• [Data block]:
☆ ☆ ☆

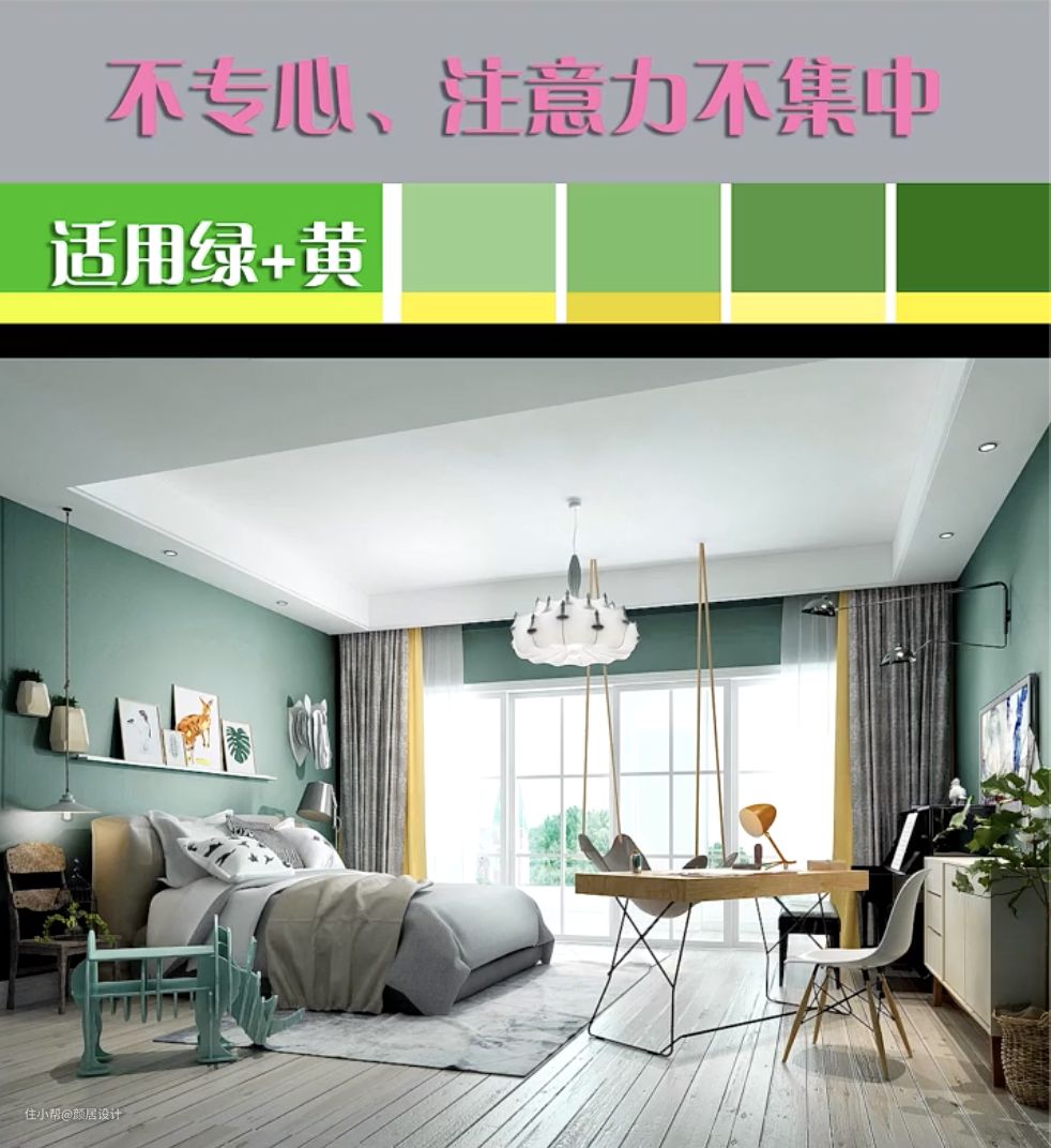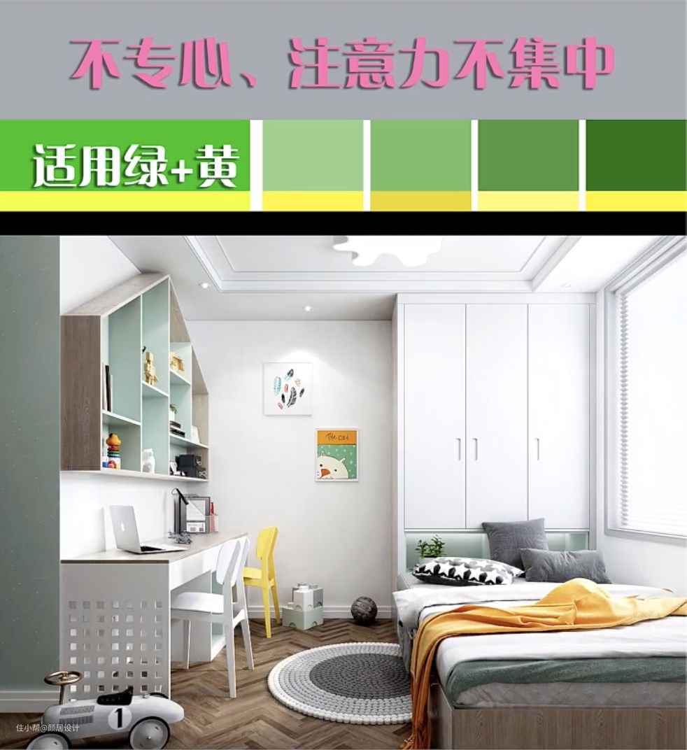 三、学习不专心、注意力不集中的孩子,可以使用绿色,再点缀点黄色,大自然的绿色可以静心凝神、舒缓情绪,点缀的黄色则有积极向上的作用。
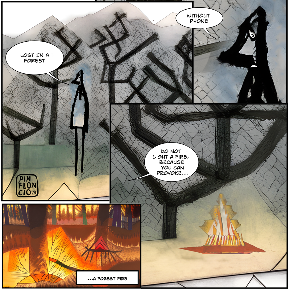 4 panels lost in a forest.
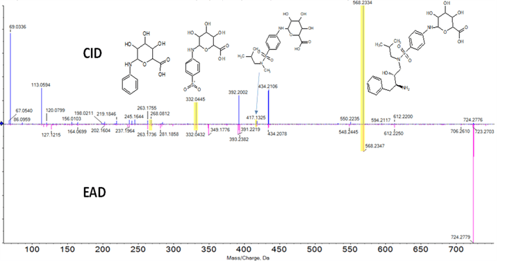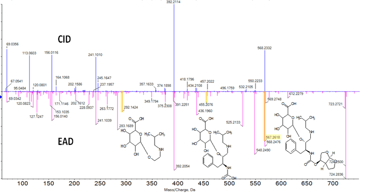 Several metabolites were observed for darunavir using both CID and EAD fragmentation, and those shown in Figure 2 were able to be interpreted consistently using both fragmentation approaches.

☆ ☆ ☆

• [Assignment]:
Word for word, retype all of the data above, but include no pictures.

• [Response area]:
 三、学习不专心、注意力不集中的孩子,可以使用绿色,再点缀点黄色,大自然的绿色可以静心凝神、舒缓情绪,点缀的黄色则有积极向上的作用。
 4 panels lost in a forest.
 Several metabolites were observed for darunavir using both CID and EAD fragmentation, and those shown in Figure 2 were able to be interpreted consistently using both fragmentation approaches.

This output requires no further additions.